Он осторожно помогает ей выйти из кареты и поднимает на руки. Руки так же сильны и объятия так же горячи, как и тогда, сорок лет назад. И глаза его сияют точно так, как сияли тогда, в двадцать пятую весну его жизни.

Какой ураган чувств охватил старую графиню! Она тут же вспомнила, как он нес ее по ступенькам на веранду. Она ни секунды не сомневалась, что любовь никуда не ушла за эти годы. Но она забыла, как это прекрасно, когда тебя держат в теплых, сильных объятиях и на тебя устремлен взор молодых, сияющих любовью и восторгом глаз.

Подумать только, она не замечает, что и он, ее любимый, далеко не молод. Она видит только его глаза, глаза, глаза…

Она много чего не замечает. Не замечает почерневших полов, не замечает зеленую плесень на потолке. Она видит только его глаза. И что удивительно: пастор тоже красив в эту минуту. Он мог не надевать камзол, шелковые чулки и башмаки с пряжками – чтобы стать красивым, ему достаточно посмотреть на нее. Так сияет огромный бриллиант, он завораживает, приковывает взоры – и кому какое дело до потемневшей, источенной временем оправы?

И голос. Она слышит его голос, его красивый, сильный голос, ласковый голос, он говорит таким голосом только с ней. И зачем ей взятая напрокат мебель, зачем угощение, зачем слуги? Этого ей и так хватает. Ей нужно только одно: видеть его глаза и слышать его голос.

Никогда, никогда в жизни она не была так счастлива!

Как изящно он кланяется! Грациозно и с достоинством, как кланяется королеве приближенный фаворит. А как он говорит! Как изысканна его речь! Так теперь не говорят, этот секрет утрачен навеки.

Она молчит, улыбается и наслаждается охватившим ее счастьем.

А под вечер он предлагает ей руку, они идут на прогулку в его старый запущенный сад, и заросшие кусты кажутся ей образцово подстриженными, трава, полузадушенная мхом, представляется густым и сочным английским газоном, а в тенистых таинственных зарослях то и дело мелькают белые парковые скульптуры – воплощенные в мраморе юность, верность, надежда и любовь.
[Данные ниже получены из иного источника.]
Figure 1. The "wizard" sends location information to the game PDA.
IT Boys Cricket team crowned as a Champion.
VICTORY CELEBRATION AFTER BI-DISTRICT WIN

Она знает, что он был женат, но как это может быть, если ей двадцать, а ему двадцать пять? Конечно же двадцать пять, его распирают молодые силы. И пусть ей не говорят, что этот молодой человек станет скрягой-пастором в Богом забытом приходе. Он? Этот улыбчивый юноша? Кто знает, может быть, и посещают его иной раз недобрые предчувствия, но пока-то он молод! Ему незнакомы вопли голодных, обездоленных им бедняков, проклятия обманутых, всеобщее презрение, насмешки и прозвища. Его сердцу пока знакомо только одно: всепоглощающая, невинная, чистая любовь. Кто бы мог подумать, что этот гордый юноша будет настолько ослеплен золотом, что ради него будет готов копаться в самой отвратительной грязи, выпрашивать милостыню у проезжих, что ради золота будет готов перенести всё – унижения, оскорбления, холод и голод? Кто бы мог подумать, что он будет морить детей своих голодом, мучить жену, и все ради денег?

Нет, это невозможно. Он не зверь, он нормальный, хороший человек, такой же, как и все.
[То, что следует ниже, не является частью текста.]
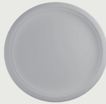
P-1000 [Round Plate 10"]

Size (mm) : 226x19.6mm Pcs/Ctn : 500 Weight (g) : 15 Ctn Size (mm) : 470x370x250mm Color :
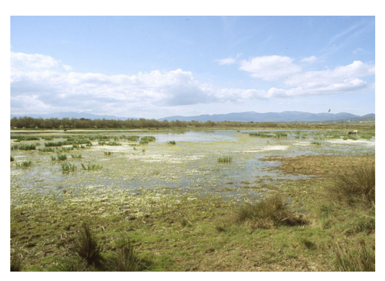
Fig. 1. Estany de Vilaüt, a freshwater pond located in the Natural Park of Aiguamolls de l'Empordà. (NE of the Iberian Peninsula). Author: Dani Boix

The Conference will take place at the Huesca Congress Palace (Palacio de Congresos de Huesca) in the city of Huesca, Huesca Province, one of the three provinces of the Aragón Autonomous Community, in northern Spain.. The Conference Venue is close to a number of hotels
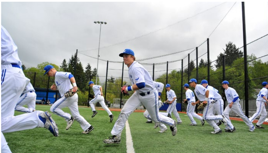
Shorewood Baseball ready to take on Meadowdale on April 21 st .
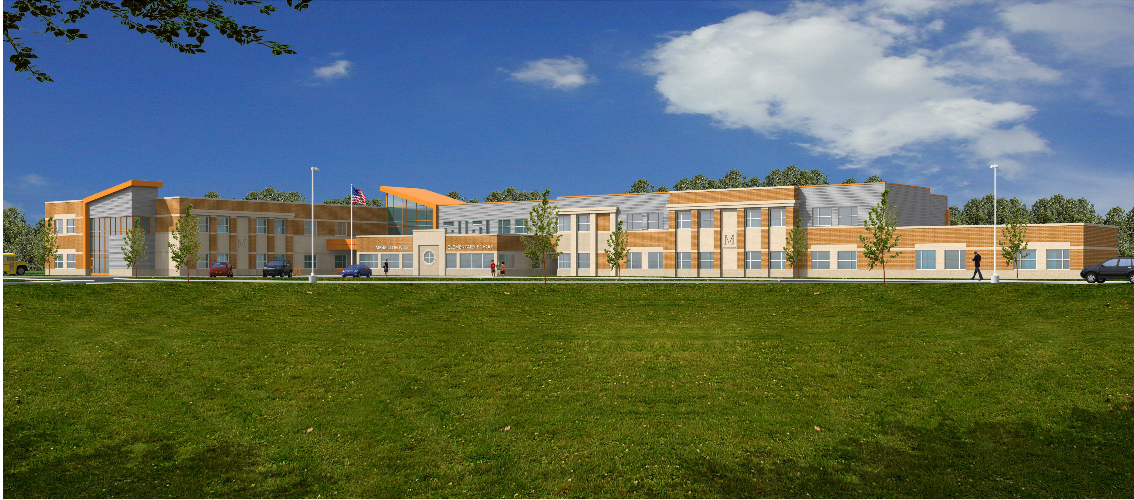
VOLUME 2 OF 2
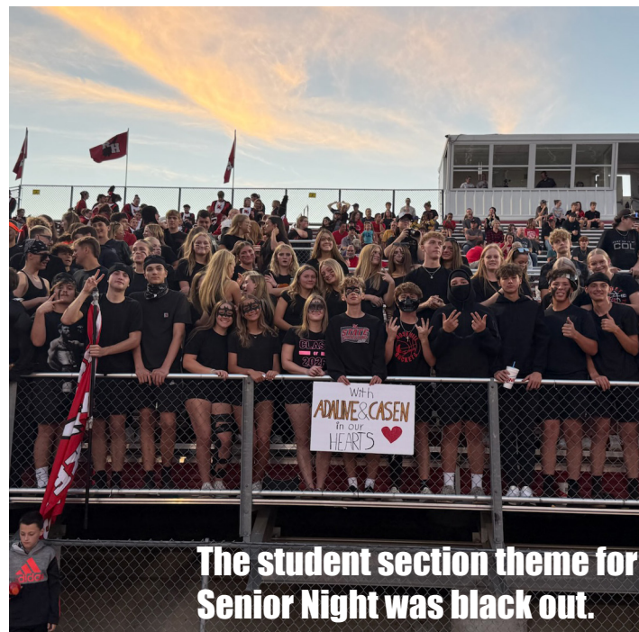
The student section theme for Senior Night was black out.
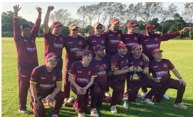
1 st Team – Cheshire Cricket league cup

Thanks to all supports, sponsors, parents, and players for getting involved and supporting the club throughout the season. In particular thanks to our main sponsors The Dog.
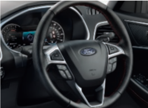
Perforated leather-trimmed steering wheel with red stitching (Standard)

Разве решилась бы девушка, его юношеская любовь, идти рядом с презренным скрягой, потерявшим человеческое лицо, недостойным духовного сана? Ни за что.

О, Эрос, всесильный бог, только не в этот вечер! В этот вечер он не презренный пастор из Брубю. И не только в этот вечер – и завтра, и послезавтра.

Настает время прощаться. Карета катится по холму так быстро, как только могут бежать отдохнувшие, хорошо накормленные лошади.

О, мечты, о сладкие мечты! Даже высшие силы позаботились о вас: за три дня в небе не промелькнуло ни облачка.

Она с улыбкой на губах возвращается в свой замок, полная любви и воспоминаний. Никогда больше она не слышала его имени и никого не спрашивала. Мечта должна оставаться мечтой, и она будет вспоминать эту встречу до конца своих дней.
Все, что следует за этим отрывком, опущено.